“1000万円超え当然”のポルシェにおけるマカンの重要性

 もちろん「911」「718ボクスター」「718ケイマン」といったポルシェのスポーツカーは、今もブランドを支える柱ではある。また、ポルシェジャパンの七五三木敏幸社長は、2017年の販売台数は前年超えをしているものの大型SUV「カイエン」の販売台数が減少した理由については、フルモデルチェンジの発表による買い控えにあり、今年導入される新型カイエンにはとても期待しているという。

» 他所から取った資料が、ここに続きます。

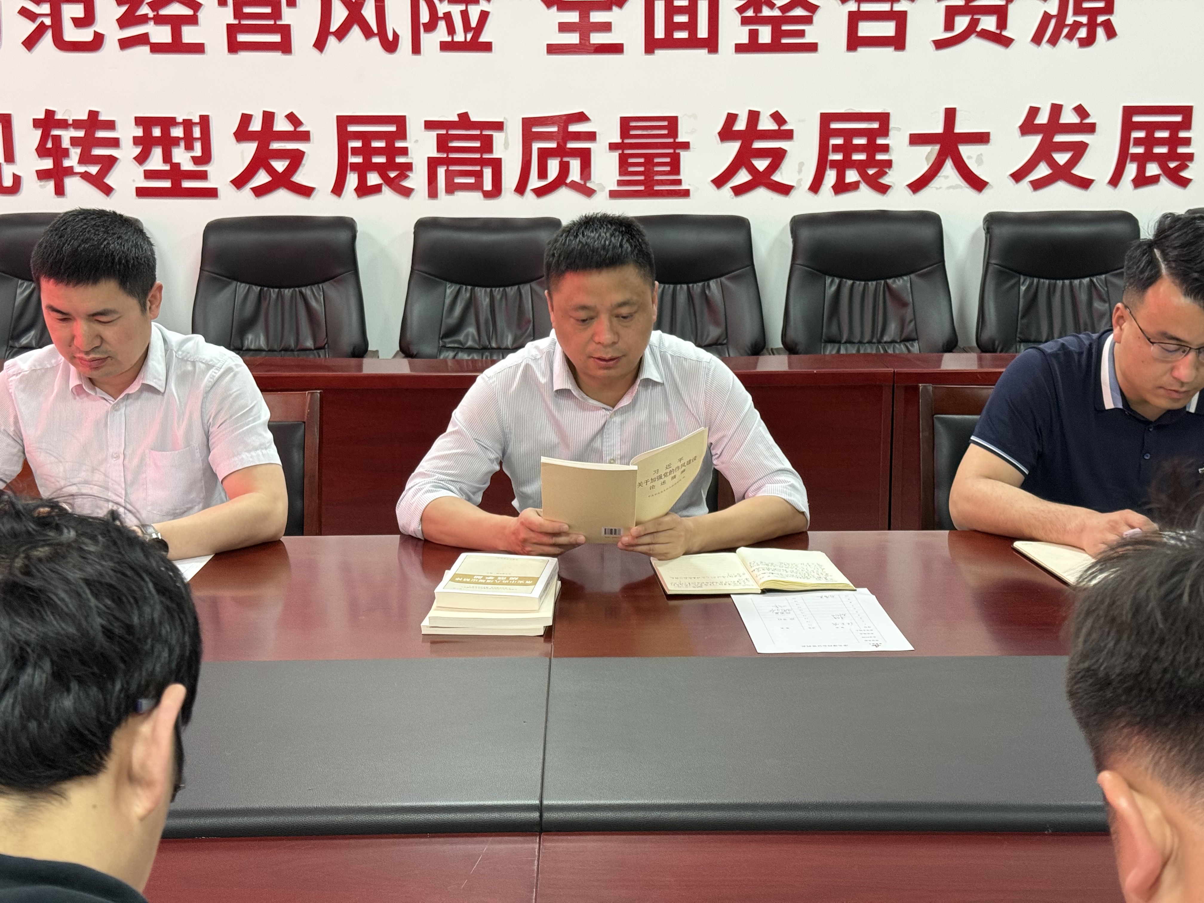 專題學(xué)習(xí)會以“領(lǐng)學(xué)+共讀”形式展開。黨委書記、董事長、總經(jīng)理張玉明領(lǐng)學(xué)《習(xí)近平關(guān)于加強(qiáng)黨的作風(fēng)建設(shè)論述摘編》第一章“黨的作風(fēng)關(guān)系人心向背,決定黨和國家事業(yè)成敗”;隨后,黨員采取輪值領(lǐng)讀方式,逐頁領(lǐng)學(xué)第二章“作風(fēng)問題本質(zhì)上是黨性問題”,現(xiàn)場學(xué)習(xí)氛圍濃厚。
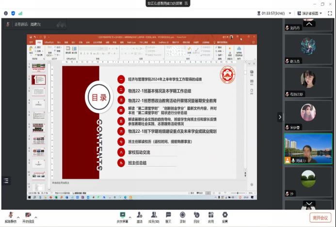 各班级采用腾讯会议的形式开展,会前学工办统一班会模板,各班班主任结合专业年级和班级情况认真制作PPT课件和讲稿。班主任、副班主任、学业导师、“三进两联一交友”结对教师提前进入线上会议做好相关准备。待各位同学、家长进入线上会议室后,班主任亲自考勤,确保本次会议高质量开展。联谊会伊始,班主任对学生及家长的到来表示热烈欢迎,对家长们配合学院安排,合力共助成长的莅临表示感谢,对本次参加会议的老师和会议议程进行了介绍(1.2024年上半年学生工作取得的成绩2.介绍班级上学期基本情况3.介绍班级思想政治教育活动开展情况4.介绍“第二课堂学时”和“创新创业学分”对毕业的影响5.督促2024年暑期社会实践务实开展6.班级展望7.解读校历8.家校互动交流9.班主任总结);班会正式开始,各班班主任重点围绕班级基本情况和暑期安全教育进行解读,从课程学习、考勤(上课+晚自习)、学科竞赛、奖助学金评选、入党入团、参与校园文化活动6个方面对班级本学年的工作进行总结,认真结合成绩单,参照每名学生的在校现实状态,直面学生各类问题,剖析成绩背后的行为逻辑。
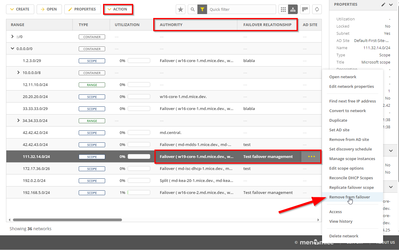 Locate the specific scope on the IPAM page, then select Remove from failover on either the Action or the Row … menu.
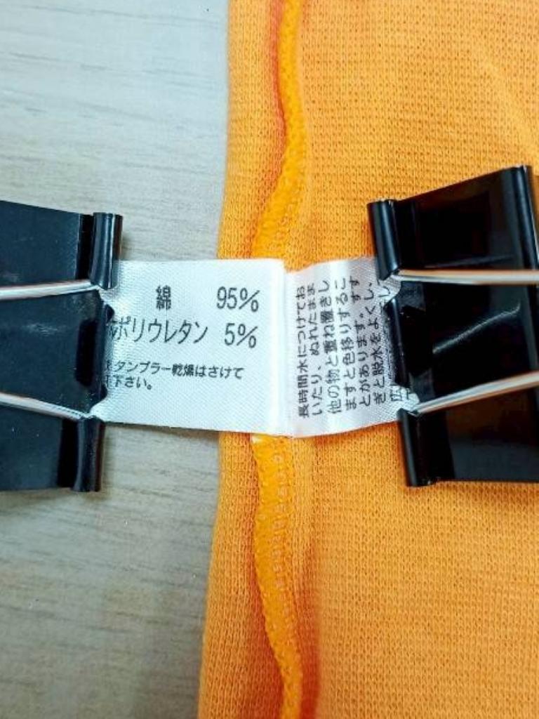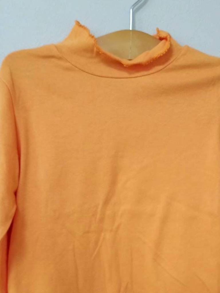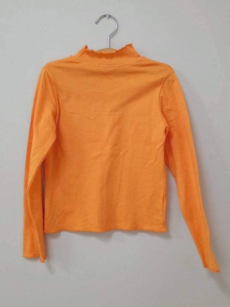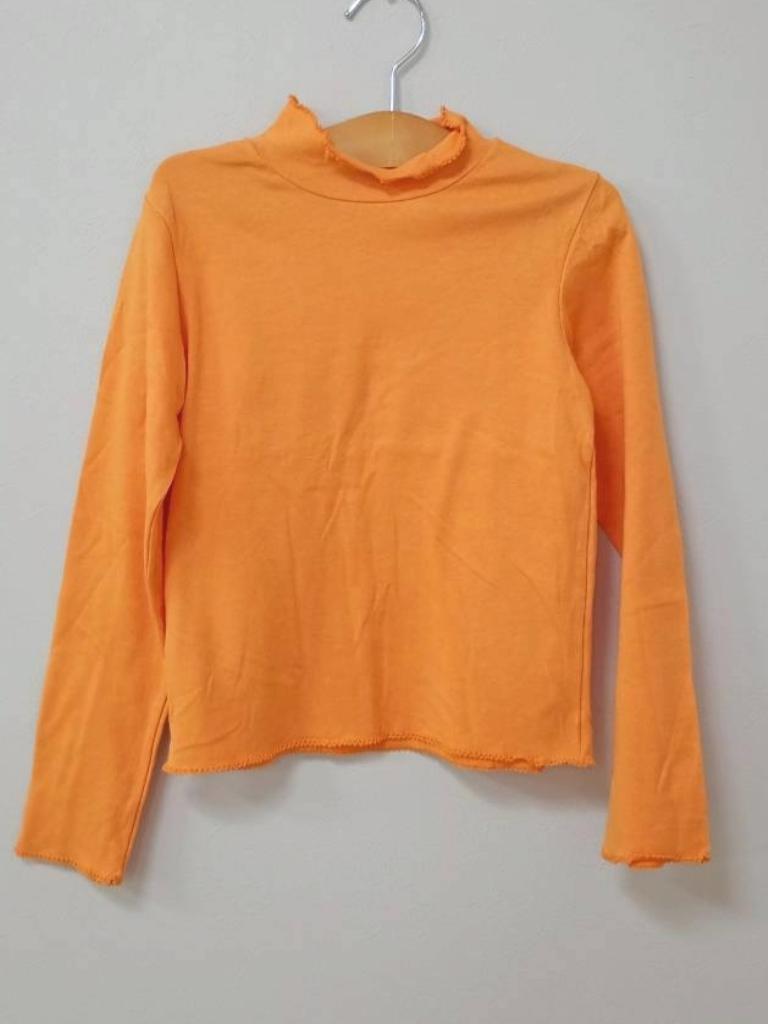 【メーカーサイズ】130 【実寸(cm)】身幅32.5 着丈39 袖丈45 【素材】綿 ポリウレタン 【デザイン・色】オレンジ 薄手 タートルネック 【状態】少々毛羽立ち |

 日本自動車輸入組合(JAIA)が発表する輸入車新車登録台数によれば、日本におけるポルシェの販売台数が年間5000台超えを記録したのは、マカン登場の2014年以降(2013年は4869台)。マカンの販売が本格化した2015年は6690台、2016年は6887台、2017年は6923台と年々拡大してきたのだが、7000台には及んでいない。今年は2017年に登場した新型パナメーラと新型カイエンによる伸びが期待されるものの、どちらも1000万円超えのクルマだけに、必ずしも大幅な台数増に結びつくとは限らない。

 つまり、7000台超えを果たす鍵を握るのは、サラリーマンでも手の届くマカンにあるわけだ。認知度は高いポルシェだが、1000万円以上の高額車というイメージが強く、初めから購入の候補に挙がらない可能性もある。600万円台からで、しかも扱いやすいサイズのSUV、マカンは販売台数を稼ぐにためは欠かせない要素と言えるだろう。